Nicholaus Hendrik Jeremy, Cristian Prasetyo, and Derwin Suhartono
Computer Science Department, School of Computer Science, Bina Nusantara University, Jakarta, 11480, Indonesia
Correspondence to:Derwin Suhartono (dsuhartono@binus.edu)
This is an Open Access article distributed under the terms of the Creative Commons Attribution Non-Commercial License (http://creativecommons.org/licenses/by-nc/3.0/) which permits unrestricted noncommercial use, distribution, and reproduction in any medium, provided the original work is properly cited.
Social media allows the user to convey their actual self and share their life experiences through numerous ways. This behavior in turn reflects the user’s personality. In this paper, we experiment to automatically predict user’s personality based on Big Five Personality Trait on Twitter. Our focus is towards Indonesian user. Not only word n-gram, Twitter metadata is also used in a certain combination to determine the feature that will be used to predict the personality. Our research also attempts to find optimum setting based on the number of n-gram, classifier, and twitter metadata. Our experiment yields 0.7482 at most on F-Measure. We conclude that among all scenario, twitter metadata is the least impactful feature, while word n-gram impacts the most.
Keywords: Social media, Personality prediction, Twitter, Big five
Social media has become an integral part in our life. Its usage emerges from several aspects, which are the needs of doing social interaction and exchanging information. The way we represent ourselves in social media through posts indirectly expresses our personality as a person. Research shows that social media user tends to express their actual personality rather their fabricated or false-image self [1].
Indonesia is a heavily populated country and the citizen’s consumption of internet increased every year. A survey done in March 2019 by Polling Indonesia and Indonesian Internet Service Provider Association (originally
Social media user contributes the most from sharing information in either text, image, audio, or video. The abundant amount of user and activities per day provides researcher a large data to be tested. Doing manual prediction could be laborious due to the reason stated. Provided the technology available today, automatic prediction utilizing computer is possible. In fact, over time computer able to outperform human in personality prediction [2].

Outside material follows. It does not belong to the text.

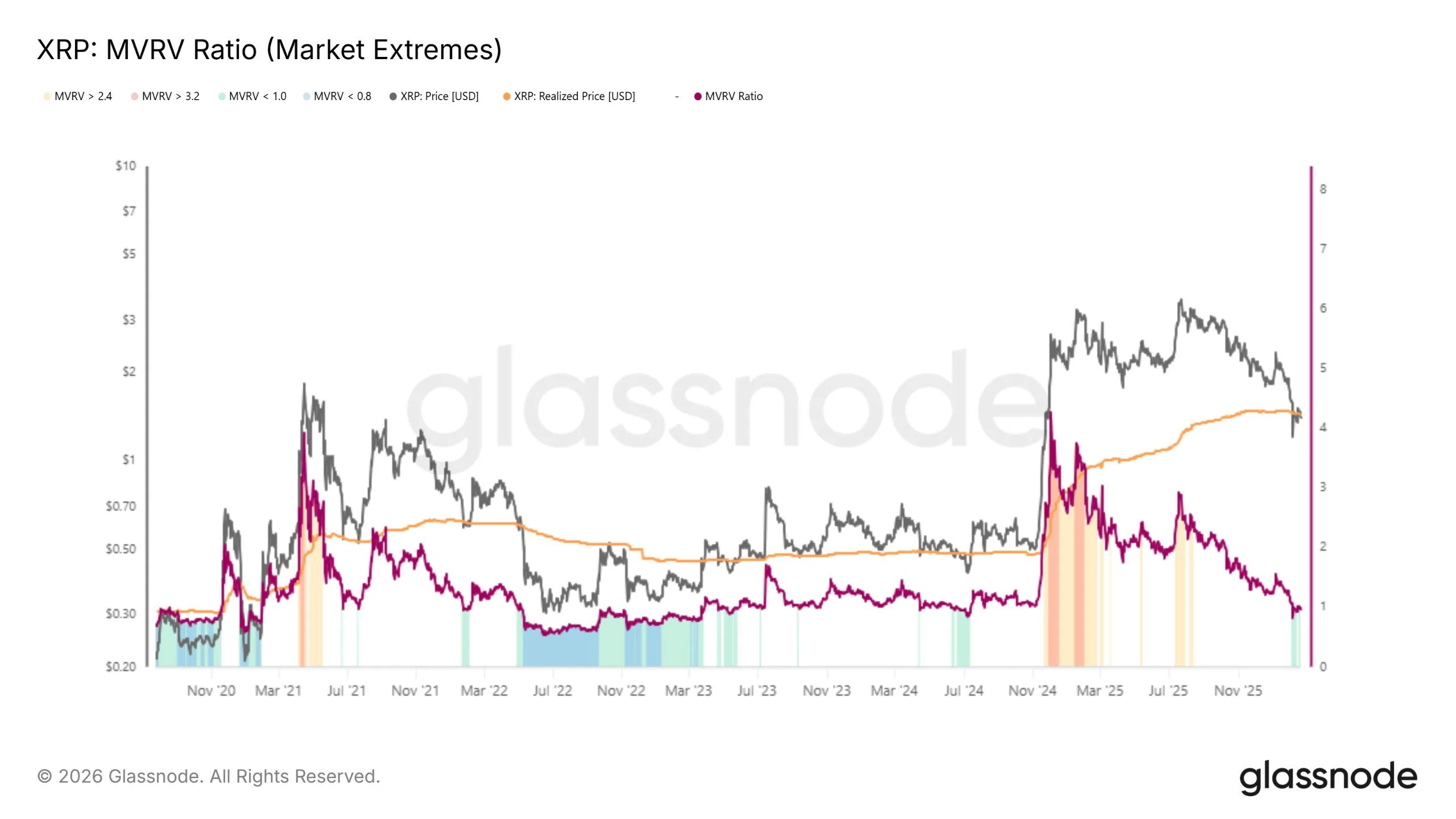 Green bars on the MVRV model show that $XRP is “getting low.” The asset has spent several days under the 1.0 threshold. Historical patterns show that a reversal often occurs when this level persists for about 15% of trading days.

Large amount of base internet user causes different researchers to tackle on different problem. One of the most often problem occurred when tackling this topic is the lack of dataset. Research done by [3] shows that this problem is possible to be solved by automatically retrieving data from Twitter that is related with Myers-Briggs Type Indicator (MBTI). From personal observation, MBTI is more widely known than Big Five, making automatic data retrieval easier in larger amount.
Another problem tackled is language usage. Research done by [4] attempted to compare Big Five to MBTI in two different language scenario: mixed and English-only. It is found that not only that MBTI performs better than Big Five, attempt on mixed language performs better as well, although the difference is barely noticeable because the amount of English dataset is very dominant. It is noted, however, that feature selection may affect the result.
We attempt on creating an automatic personality prediction based on social media content and activities. To specify the problem, we scope it to exclusively Indonesia citizen. We start by briefly explaining the personality model and its relation with social media. After that, we propose our data preparation and learning methods.
The personality model used is Big Five, which consist of Openness, Conscientiousness, Extraversion, Agreeableness, and Neuroticism (OCEAN) [5, 6].
Openness (OPN) relates to how acceptance they are towards unusual behavior or unique experiences. People with high score of openness are creative, abstract, and imaginative.
Conscientiousness (CON) relates to self-control against impulsive actions. People with high score of conscientiousness are discipline, cautious, and dutiful.
Extraversion (EXT) relates to someone’s approach to social world. People with high score of extraversion are communicative, easy to approach, and assertive.
Agreeableness (AGR) relates to someone’s faith to others. People with high score of agreeableness are trustful, honest, and modest.
Neuroticism (NEU) relates to someone’s behavior when facing negative experience. People with high score of neuroticism are emotionally unstable and vulnerable.
There are some characteristics for each trait that can be observed from user’s activity. Longer period of browsing through social media and user with high neuroticism is found to be associated with higher risk of social isolation [7]. The period of time used, however, is unlikely related to high score of neuroticism but extraversion [8], although it has been found otherwise as well [9]. Under the same research, it is found that people with high score of conscientiousness are less likely to be active in social media. This holds true in our dataset.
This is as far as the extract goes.